Obiettivi che lo premettiamo, al momento, neanche Remedy sembra aver raggiunto del tutto.

FBC: Firebreak: solidità del gameplay e problemi di identità

Nei giorni immediatamente precedenti il suo lancio, Remedy ha condiviso una ambiziosissima timeline di aggiornamenti gratuiti in arrivo per FBC: Firebreak che sembrano delineare un supporto a lungo termine davvero sfizioso, con eventi in-game, nuove classi, meccaniche, personaggi. Se però dobbiamo guardare all’oggi, a quello che FBC: Firebreak è al lancio, dobbiamo essere realisti: non buca come dovrebbe.

Intendiamoci, si tratta di uno shooter strutturato con metodo, che mette a disposizione dei giocatori articolate mappe popolate da orde di posseduti dall’Hiss che i nostri personaggi, in compagnia di un team di altri due (sarebbe bene fossero guidati entrambi da amici in carne e ossa, collegati con cuffie e microfono), dovranno contrastare per arrivare all’obiettivo della mappa: riparare un dispositivo danneggiato, eliminare un’invasione di post-it indemoniati e in grado di prendere possesso “incartare” a dovere e prendere possesso dei giocatori, o eliminare una misteriosa sostanza aliena. Una varietà di incarichi sulla carta convincente e che sembra in grado di strizzare l’occhio al tono new weird dell’universo Remedy.

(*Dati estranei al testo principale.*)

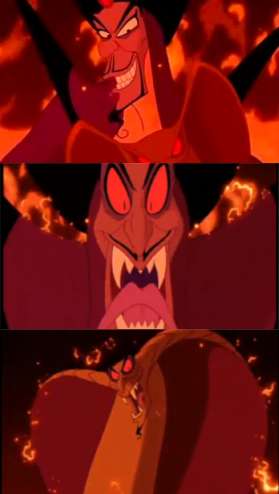 - In Disney's Aladdin, Jafar transforms into a humongous snake after gaining sorcerer powers from the Genie. He actually has Aladdin and company on the ropes for quite a while until Al tricks him into trying to gain even more power by using his last wish to become a Genie. In hindsight, Jafar should have stuck to the reptile form.

FBC: Firebreak: solidità del gameplay e problemi di identità
FBC: Firebreak: solidità del gameplay e problemi di identità (Player.it)

Peccato che, pad alla mano, questo lato “stramboide” venga spesso controbilanciato da un impianto shooting “player vs orda” fin troppo frenetico che alla lunga soffoca qualsiasi altra trovata originale, portando il giocatore a dover sopravvivere sparando a tutto ciò che si muove e somigli a un nemico. Giocare a FBC: Firebreak si rivela quindi un’esperienza FPS pura, in cui il divertimento segue schemi propri di quel genere e non esce mai troppo dagli schemi.

È qui il cuore del problema di Firebreak allo stato attuale: è come se gli sviluppatori avessero inserito al suo interno degli elementi che promettono di rendere il gioco peculiare, ma poi, forse per paura di scontentare un’altra parte della platea, abbiano deciso di privilegiare un impianto da shooting molto più classico, una scelta che porta a un amalgama non troppo equilibrato tra pallidi tentativi di innovazione e una formula rodata molto più “normie”.

E qui sorge ancor più preponderante centrale: a chi può piacere del tutto Firebreak? Può piacere a un vero appassionato del genere degli sparatutto cooperativi? Forse, ma perché quest’ultimo non potrebbe decidere di optare magari per un gioco prodotto da un team più esperto, competente e magari con meccaniche ancora più inquadrate? 

In fondo, in Firebreak le idee originali convivono con soluzioni da action cooperativo molto più pigre e già viste, che non sono certo il punto di forza dell’operazione. D’altro canto, quei giocatori in avvicinamento a Firebreak perché attratti dalle atmosfere di Control si potrebbero ritrovare tra le mani un prodotto ancora troppo lontano dalle loro corde per sceglierlo come entry point al genere, poiché privo di trovate di gameplay in grado di sorprenderli.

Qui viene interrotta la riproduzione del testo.